Re: Improving connection scalability: GetSnapshotData() - Mailing list pgsql-hackers

From Andres Freund
Subject Re: Improving connection scalability: GetSnapshotData()
Date
Msg-id 20200816190012.nqzmtiaju6ndckb2@alap3.anarazel.de
Whole thread Raw
In response to Re: Improving connection scalability: GetSnapshotData()  (Tom Lane <tgl@sss.pgh.pa.us>)
List pgsql-hackers
On 2020-08-16 14:30:24 -0400, Tom Lane wrote:
> Andres Freund <andres@anarazel.de> writes:
> > 690 successful runs later, it didn't trigger for me :(. Seems pretty
> > clear that there's another variable than pure chance, otherwise it seems
> > like that number of runs should have hit the issue, given the number of
> > bf hits vs bf runs.
> 
> It seems entirely likely that there's a timing component in this, for
> instance autovacuum coming along at just the right time.  It's not too
> surprising that some machines would be more prone to show that than
> others.  (Note peripatus is FreeBSD, which we've already learned has
> significantly different kernel scheduler behavior than Linux.)

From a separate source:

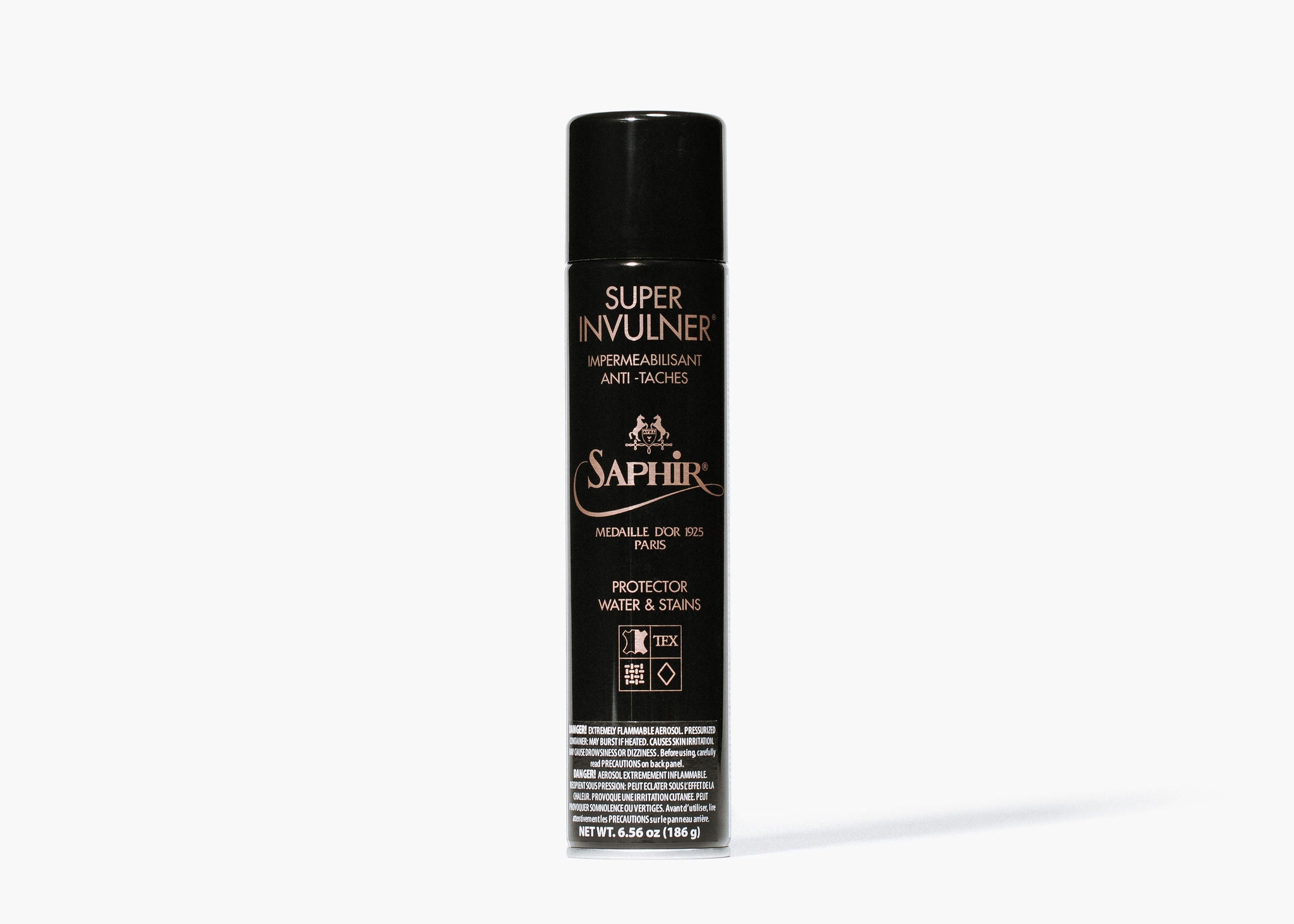 Saphir's Super Invulner is perfect for waterproofing the finest suedes and nubuck leathers. The non-silicone formula is a neutral color and will not discolor the leather's nap.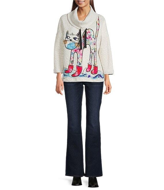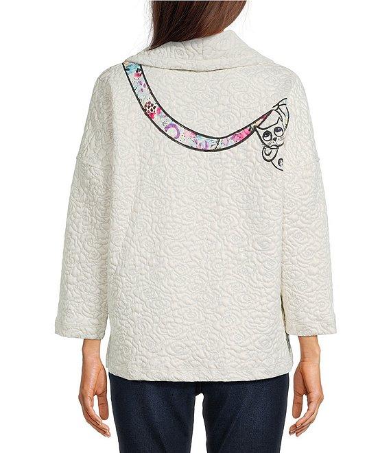Ali Miles Novelty Animal Cat Print Quilted Knit Popover Tunic

Yea. Interestingly there was a reproduction on linux since the initial
reports you'd dug up:

https://buildfarm.postgresql.org/cgi-bin/show_log.pl?nm=butterflyfish&dt=2020-08-15%2019%3A54%3A53

but that's likely a virtualized environment, so I guess the host
scheduler behaviour could play a similar role.

I'll run a few iterations with rr's chaos mode too, which tries to
randomize scheduling decisions...


I noticed that it's quite hard to actually hit the hot tuple path I
mentioned earlier on my machine. Would probably be good to have a tests
hitting it more reliably. But I'm not immediately seeing how we could
force the necessarily serialization.